At least from the beginning, in the end it turn out to be – well memorable – if not saying frustrating.

I and my wife were taking our son with us to the apartment display. It was colored in light nuances, the kitchen was small, but nice and modern. It seemed that the apartment had undergone some careful renovation.

So yes, we were interested. Really interested.

Let me tell you a little about us, as buyers. I can say we are experienced buyers. We’ve been through some bidding processes before and felt the pressured, nerve-thrilling process to end up with a victory or a loss. In all cases it had been an honest fight with other bidders, probable with the same feelings about the process.

During theses processes, we’ve found a great way to win such.

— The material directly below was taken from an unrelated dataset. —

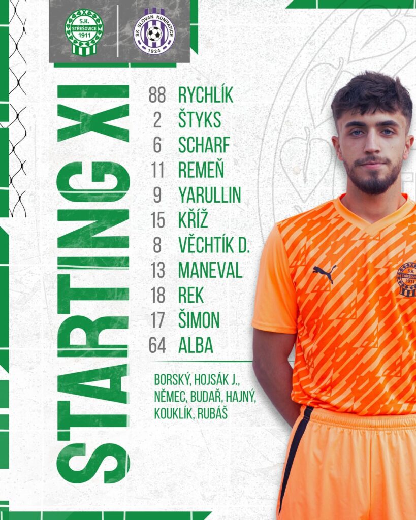 43´ Až v závěru poločasu jsme opět zabrali. Nejprve nadýchaný centr Alby neusměrnil mezi tyče hlavou Šimon. Parádně se zavěsil do vzduchu, leč mířil těsně nad. Vzápětí Yarullin dlouhým odkopem odvrátil soupeřův volný kop. Ten zalepil Alba, navedl si míč a ž k soupeřovu vápnu, krátká klička a z velkého úhlu pumelice krosem ke vzdálenější tyči po zemi. Wau. GÓL. ROMAN ALBA 2-1 (as. Marek Yarullin)

You start by making it clear to the estate agent rep that you’re interested, but you never start the process yourself. You wait, wait and wait. Remember, you’re getting all those text messages so you are able to follow the bidding process really close. You’re not a hurry. Not at all.

So if you wait until you feel the frequency of the other bidders’ bids slow down to a pace when you can feel they’re thinking to stop – “this is my last bid, no more”, then it’s time for you to Enter The Arena.

But you shouldn’t put a bid just a little above the last bid. It has to be – if you are ok with the level – a massive bid. That will definitely shock the others and – in most cases – finish the bidding process to your advantage.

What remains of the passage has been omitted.